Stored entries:
========================
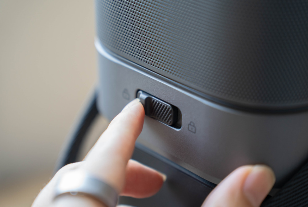 スピーカーを取り外した後のプロジェクター本体側の構造もユニークな本機。中心にプロジェクターユニット本体があり、これを回転させて角度調整することで、壁面や斜め上の天井などに投影できる構造です。
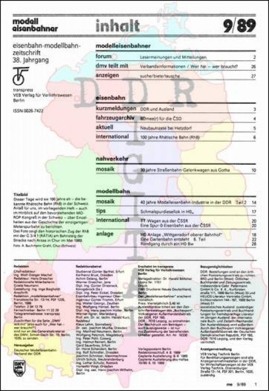Ausgabe: Autor: Redaktionsbeirat Herausgeber: Deutscher Modelleisenbahn-Verband der DDR Erscheinungsjahr: 1989 Anzahl Seiten: 32
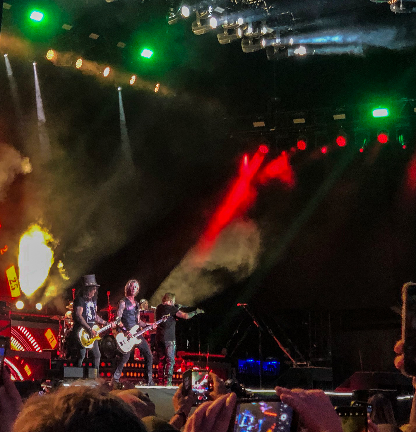 Beim ersten belgischen Bier lassen wir uns mit den letzten Songs von TOM MORELLO berieseln. Man kennt den Gitarristen vor allem von RAGE AGAINST THE MACHINE, also darf „Killing in the name of“ als letzter Song nicht fehlen. Dann folgen EPICA, der richtige Zeitpunkt weiterzuziehen. Bevor die Stimmung zu sonnig wird, geht’s rüber ins Zelt zu den schwedischen Schwarzmetallern von MARDUK. Unerbittliches Black-Metal-Geknüppel ist immer eine feine Sache und bei MARDUK gibt’s das zu Genüge. Nach „Panzer Division Marduk“ macht Sänger Daniel „Mortuus“ Rostèn samt Kollegium Feierabend. Ein bisschen Abwechslung schadet nicht, daher geht’s zu AGNOSTIC FRONT auf die Jupiler Stage. Der New Yorker Hardcore-Vorreiter geben Knallgas und es heist “From the East Coast, to the West Coast ... gotta gotta gotta go!”. ARCH ENEMY zocken im Anschluss auf der North Stage, vor der es sich inzwischen gut gefüllt hat, und haben Hits wie “The Eagle Flies Alone” und „Nemesis“ dabei. Ihr Melodic Death Metal-Szene ist zwar eine Spur vorhersehbar, aber macht sich heute wirklich gut. Der blauhaarige Wirbelwind Alissa White-Gluz fegt über die Bühne und vor allem die Gitarristen Chris Amott und Jeff Loomis wissen zu überzeugen. Nun entscheiden: Alternative Rock mit ALTER BRIDGE oder Göteborger Death-Metal von AT THE GATES. Ab zu AT THE GATES im Maquee. “Slaughter of the Soul”, “World of Lies”, “Nausea”: alles super! Das festival-typische “sich entscheiden müssen” ist zwar ein Luxusproblem, aber manchmal wäre man gerne an mehreren Orten gleichzeitig. MY DYING BRIDE sind durchaus lohnenswert, aber Tobias Forge und seine Nameless Ghouls will ich nicht verpassen: GHOST spielen um 20:30 Uhr ihren Co-Headliner-Gig. Sie starten wie auf der ganzen „Impera“-Tour mit „Kaisarion“, es folgen „Rats“, „Faith“ und „Spillways“. Der laue Sommerabend und die Live-Performance der Schweden verbreiten gute Stimmung im Publikum. Es reihen sich Hit an Hit: „Year Zero“, „Mary on an cross”, “Mummy Dust”, “Dance Macabre” und natürlich der Ohrwurm „Square Hammer“. Direkt nebenan übernimmt der zweite Headliner des ersten Festivaltages: GUNS N ROSES legen mit dem Klassiker „It's So Easy“ los. Weiter geht’s mit einer teilweise überraschenden Setlist: das quasi unbekannte „Bad Obsession“, „Slither“ von VELVET REVOLVER und „Reckless Life“ vom 1985er „Lies“-Album. Das ist eher Material für den eingefleischten Gunners-Fan, als für die breite Festivalmeute. Zwar ist Axls Stimme nicht mehr so frisch, er ist auf der Bühne aber agil und viel in Bewegung. Zu „Welcome to the Jungle“, „Estranged“ und „You could be mine” steigt noch einmal die Stimmung, die Show hat aber seine Längen. Apropos Länge: Erst nach Song Nummer 28 (!), nämlich „Paradise City“, ist nach beinahe 3 Stunden Schicht im Schacht. Wer noch nicht müde ist, kann entweder zur Coverband BIZKIT PARK oder bei DJ Carl bis zum Morgengrauen die Hüften schwingen.
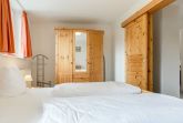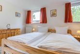 Schlafzimmer mit Doppelbett (2x 90x200cm), Kleiderschrank, Kommode und 2 Stühlen.
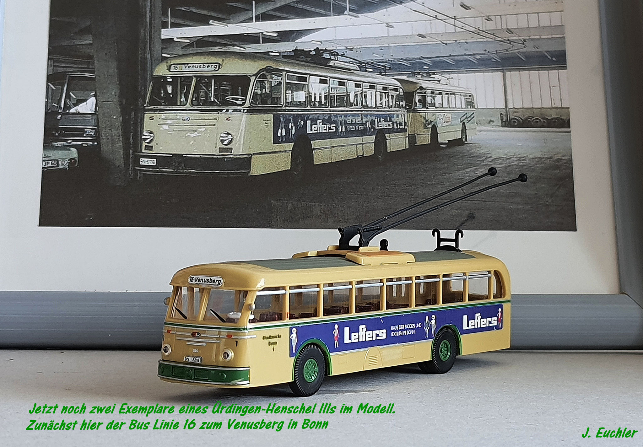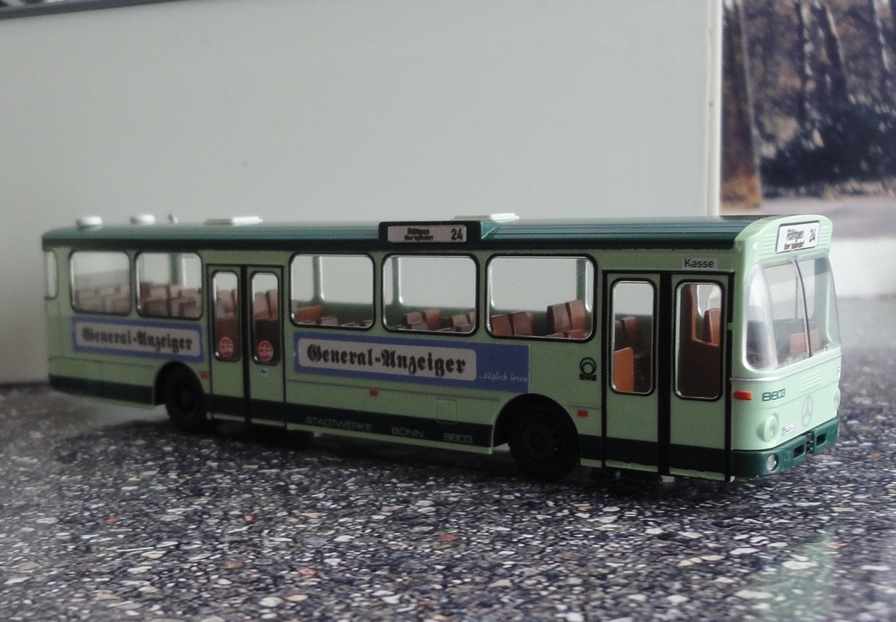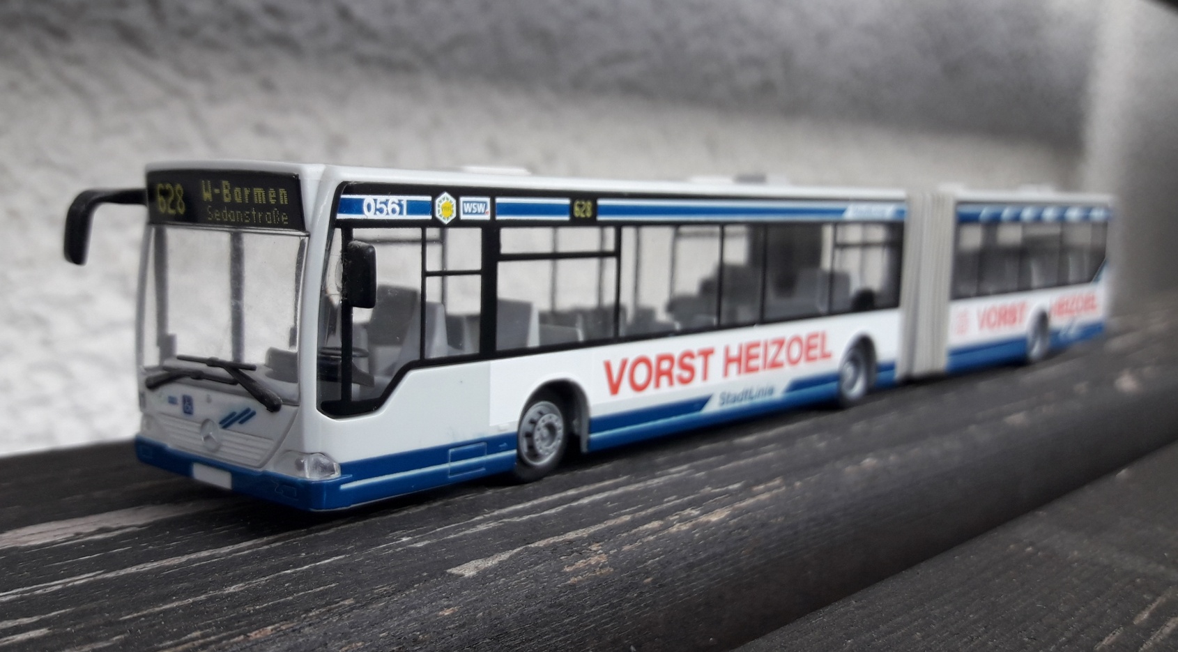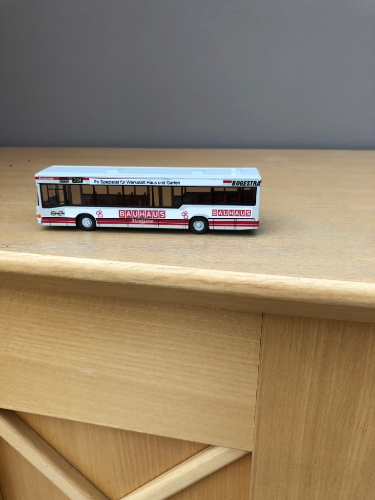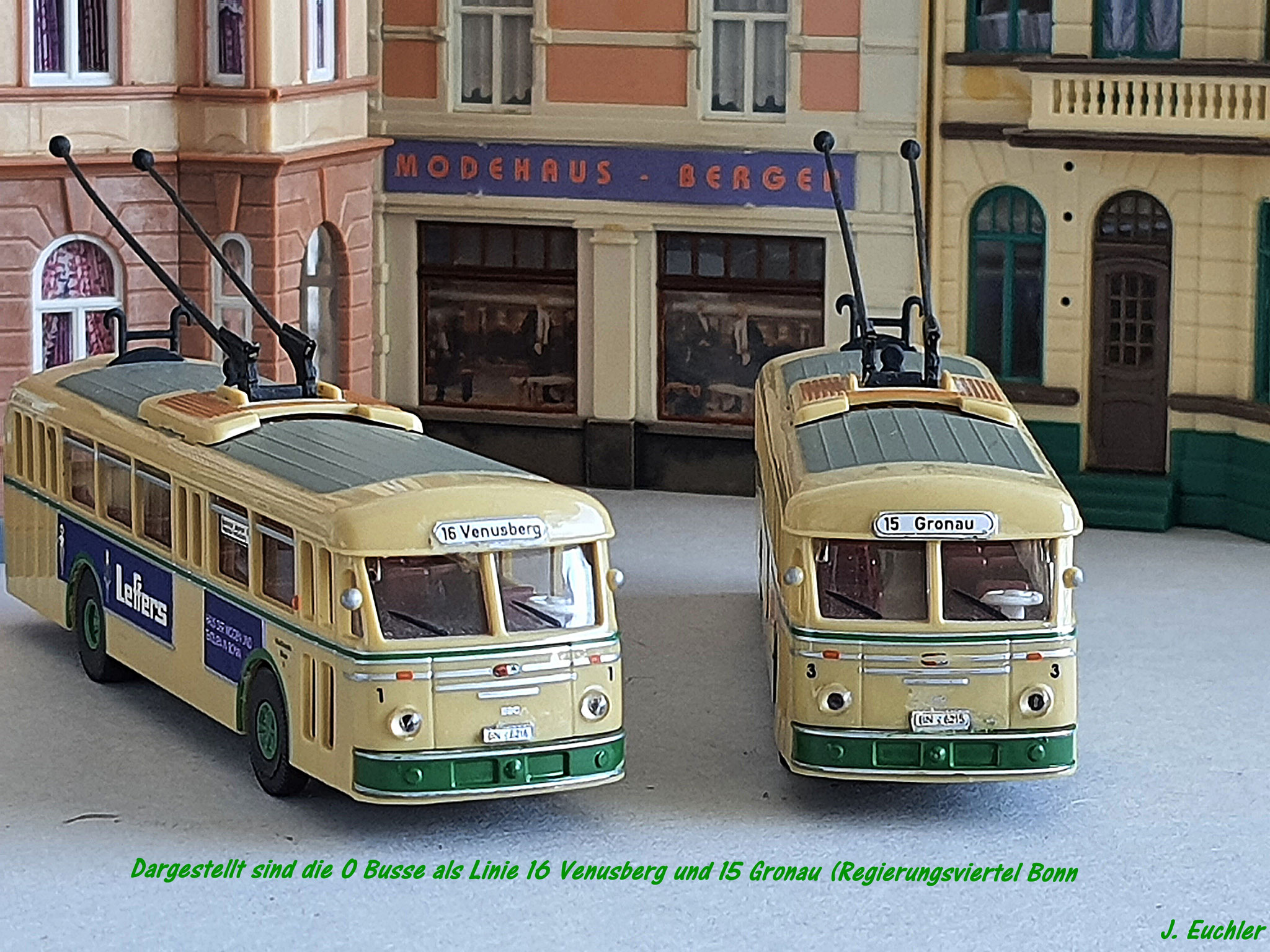 Im Maßstab 1:43 entstanden bei Herrn Steingroever zwei MB O305 nach Essener und Wuppertaler Vorbild auf Basis des IXO Modell. Werbung , Beschriftung und Kennzeichen entstanden bei RGModellbau.
========================
Only the lines from the first line of the entries through the line containing "Ausgabe: Autor: Redaktionsbeirat" should be output, exactly as they are, without pictures.

 スピーカーを取り外した後のプロジェクター本体側の構造もユニークな本機。中心にプロジェクターユニット本体があり、これを回転させて角度調整することで、壁面や斜め上の天井などに投影できる構造です。
Ausgabe: Autor: Redaktionsbeirat Herausgeber: Deutscher Modelleisenbahn-Verband der DDR Erscheinungsjahr: 1989 Anzahl Seiten: 32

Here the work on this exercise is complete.